═════ Records to use

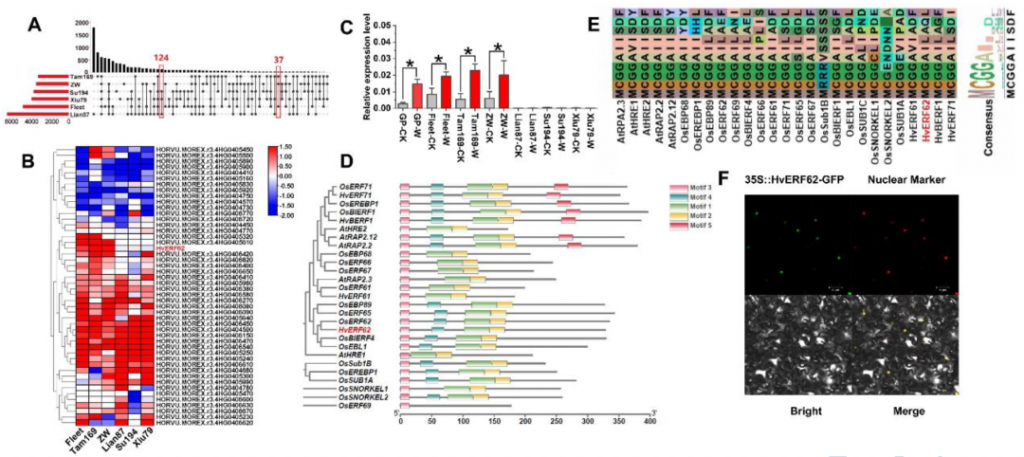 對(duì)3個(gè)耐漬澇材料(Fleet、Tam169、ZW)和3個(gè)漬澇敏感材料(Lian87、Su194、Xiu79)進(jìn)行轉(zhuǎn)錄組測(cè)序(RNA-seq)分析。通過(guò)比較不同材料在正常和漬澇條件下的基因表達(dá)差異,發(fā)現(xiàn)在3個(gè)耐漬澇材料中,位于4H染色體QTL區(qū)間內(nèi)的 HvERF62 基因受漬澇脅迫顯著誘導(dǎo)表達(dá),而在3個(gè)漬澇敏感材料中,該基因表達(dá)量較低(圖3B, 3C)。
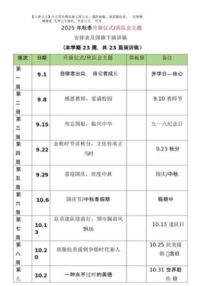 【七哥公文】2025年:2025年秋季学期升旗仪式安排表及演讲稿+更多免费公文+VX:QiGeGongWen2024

══════════
═════ Records to use

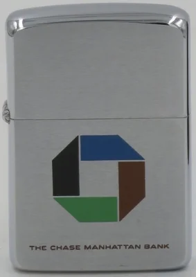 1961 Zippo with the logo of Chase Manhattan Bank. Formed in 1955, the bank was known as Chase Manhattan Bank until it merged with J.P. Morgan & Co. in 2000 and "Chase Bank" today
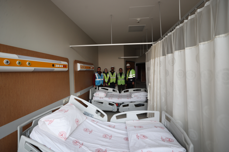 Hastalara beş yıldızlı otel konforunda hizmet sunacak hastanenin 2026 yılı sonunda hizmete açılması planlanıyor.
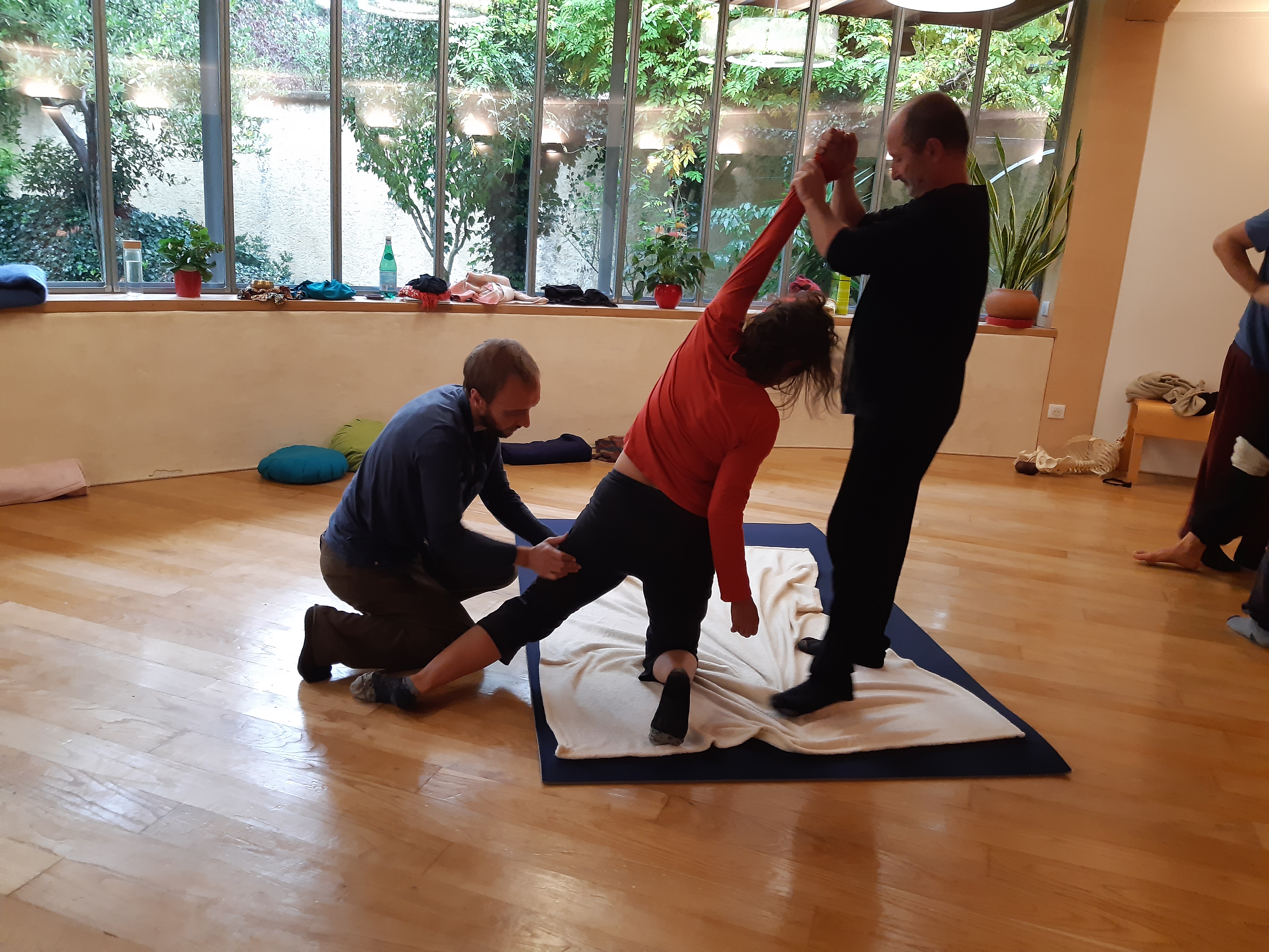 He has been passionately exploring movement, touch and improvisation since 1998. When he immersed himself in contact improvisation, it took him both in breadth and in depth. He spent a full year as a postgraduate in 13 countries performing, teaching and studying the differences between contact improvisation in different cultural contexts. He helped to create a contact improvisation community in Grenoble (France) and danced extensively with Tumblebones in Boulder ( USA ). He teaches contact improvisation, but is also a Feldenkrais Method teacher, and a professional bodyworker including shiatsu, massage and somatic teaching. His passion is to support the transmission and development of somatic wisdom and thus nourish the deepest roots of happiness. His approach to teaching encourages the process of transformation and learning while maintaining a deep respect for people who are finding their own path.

══════════
═════ Records to use

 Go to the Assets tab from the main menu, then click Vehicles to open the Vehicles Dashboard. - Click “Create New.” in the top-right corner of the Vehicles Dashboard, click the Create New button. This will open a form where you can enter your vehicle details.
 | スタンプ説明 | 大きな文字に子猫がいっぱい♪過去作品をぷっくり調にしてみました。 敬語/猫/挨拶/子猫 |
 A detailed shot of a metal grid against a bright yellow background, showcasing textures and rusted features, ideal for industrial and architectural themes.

══════════

● **Assignment**
Find the line with "大きな文字に子猫がいっぱい♪過去作品をぷっくり調にしてみました。 敬語/猫/挨拶/子猫 |" in the entries above. Retype it and each line after it, exactly, through the line with "A detailed shot", and stop there.

● **Answer to this task**
 | スタンプ説明 | 大きな文字に子猫がいっぱい♪過去作品をぷっくり調にしてみました。 敬語/猫/挨拶/子猫 |
 A detailed shot of a metal grid against a bright yellow background, showcasing textures and rusted features, ideal for industrial and architectural themes.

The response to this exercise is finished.